Hunt Lab Future Scenarios Linchpin Project

Congratulations, if you are viewing this page, it is because you have been invited to participate in the the Hunt Lab’s Future Scenarios Linchpins Project.

The Hunt Lab is conducting research into the way teams collaboratively reason about a wide range of problems broadly related to intelligence and/or national security. In this exercise, we are specifically interested in how teams reason about hypothetical future conflict scenarios.  

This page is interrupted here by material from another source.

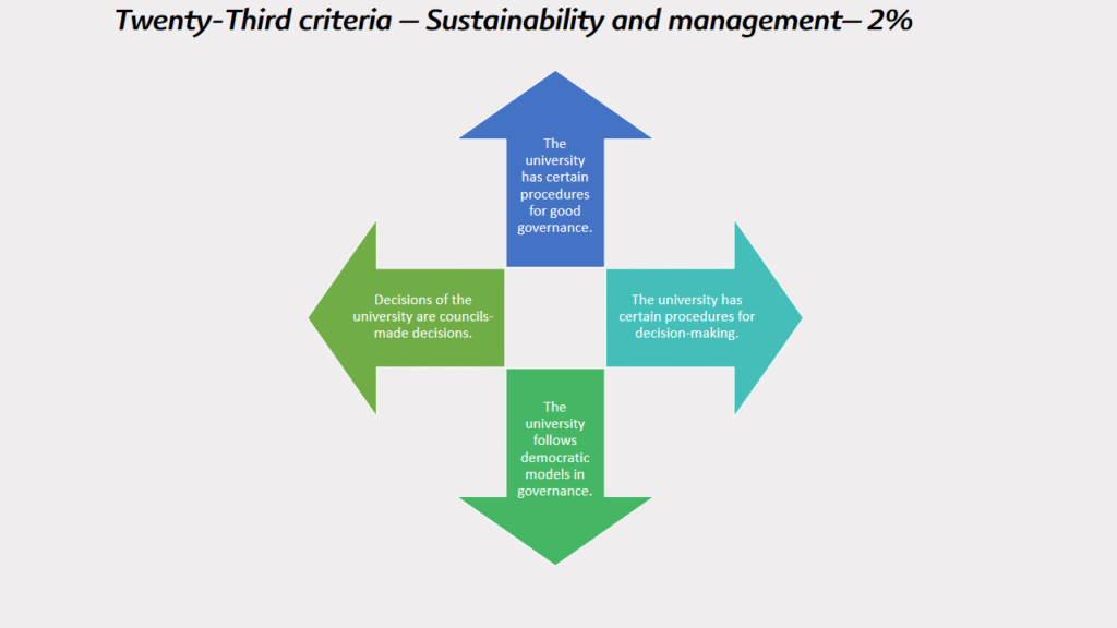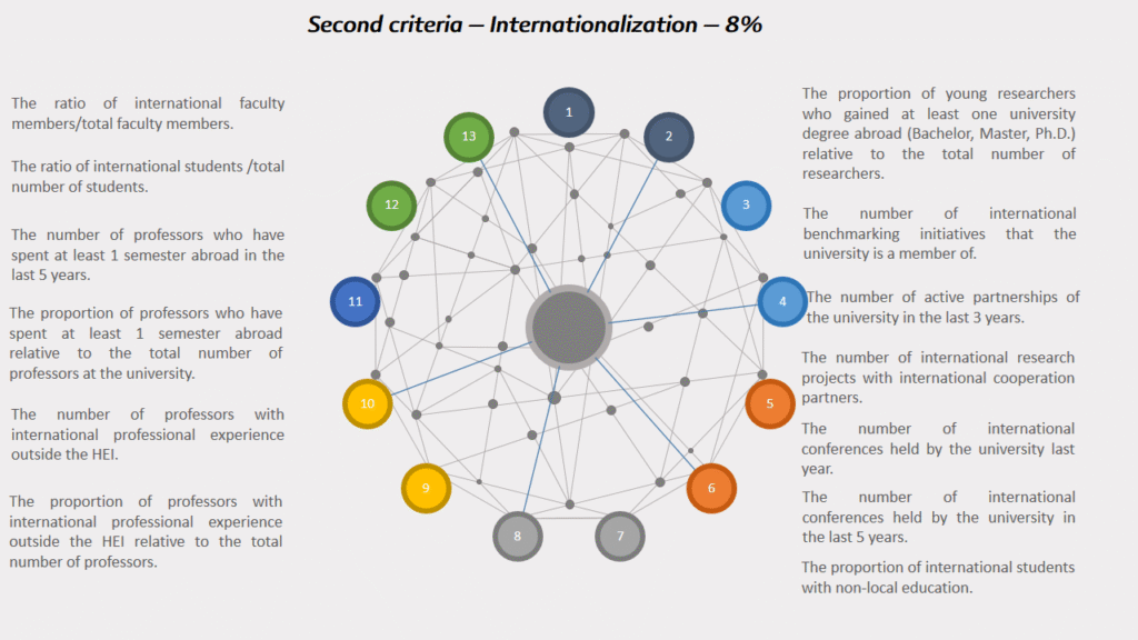 Each of the 25 criteria gets its own percentage. The total percentage is 100%. The percentage is multiplied by 100, and the general result is 10,000 points. Each criterion and performance indicator gets a specific number of points, and the total value of points obtained by higher education institutions is collected.

In this exercise, teams will compete to produce well reasoned ‘backcasting‘ reports. Backcasting is a type of scenario method based on the work of John B. Robinson in his article Futures Under Glass (1990), for example. The teams will be presented with 4 future scenarios over 4 weeks. Each scenario will take place at least 10 years in the future and will involve some aspect with direct relevance to Australian national security. Teams will be presented with such scenarios, and will then reason ‘back’ from this scenario to establish a plausible pathway from the current situation to that future scenario. The reasoning includes identifying major “linchpin’ events that would need to take place between now and then for the scenario to occur. One of the main problems in thinking about the future is “incremental thinking” which tends to anchor too much on the current situation. By presenting end situations that are very different (even extreme) compared to the current situation and asking for plausible pathways to that future, backcasting helps to overcome this bias.